I was thinking abut sched_exit(), there we let unused child timeslices 
'flow back' into the parent thread, if the child thread was shortlived. 
The check there does:

        if (p->first_time_slice) {
                p->parent->time_slice += p->time_slice;
                if (unlikely(p->parent->time_slice > task_timeslice(p)))
                        p->parent->time_slice = task_timeslice(p);
        }

notice that we check parent->time_slice against the child's 
task_timeslice(p), not against task_timeslice(p->parent). So if the 
child thread got reniced, it could cause a higher-than-normal amount of 
timeslices. But this should be a rare scenario, and the above code is 
more of a bug than a feature (will send a patch for it tomorrow), and it 
should not affect the workloads i was testing.
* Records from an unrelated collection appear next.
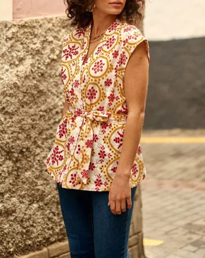 Ärmellose Samtjacke mit zweifarbiger englischer Stickerei
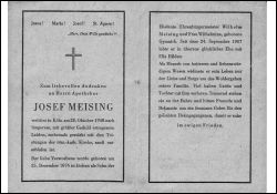 Eltern: Ehrenbürgermeister Wilhelm Meising u. Wilhelmine geb. Gymnich; OO 24.9.1907 Ella Hilden; 1 Tochter |
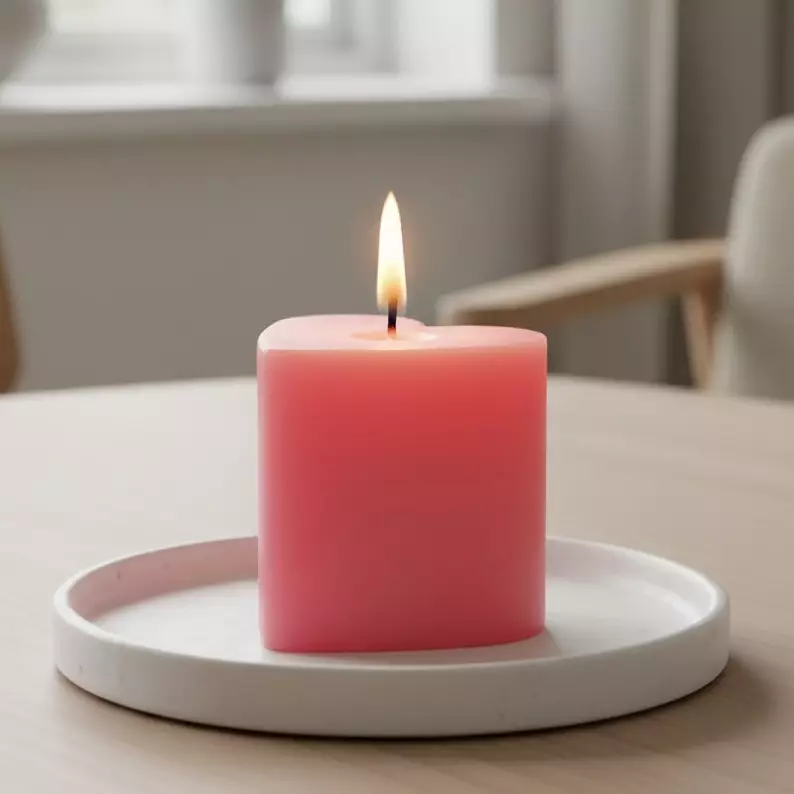 Puttipajan läpivärjätty käsinvalettu viiruputti. Raitakynttilän väreinä vaaleanpunaisen eri sävyt.
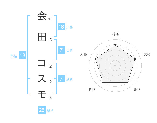 会田 コスモさんの天格は18画の4点!

lets take a look at the second condition again:

                if ((p->time_slice * (100 - sd->per_cpu_gain) / 100) >
                        task_timeslice(smt_curr))
                                resched_task(smt_curr);

if this condition is true then we trigger a preemption at smt_curr. Now 
in the bug scenario, 'p' is a highprio task and smt_curr is a lowprio 
task. If p->time_slice (which fluctuates between task_timeslice(p) and 
0) happens to be low enough, preemption wont be triggered and we lose a 
wakeup in essence - 'p', despite being the highest-prio task around, 
wont be run until some CPU runs schedule() voluntarily. Ok?

	Ingo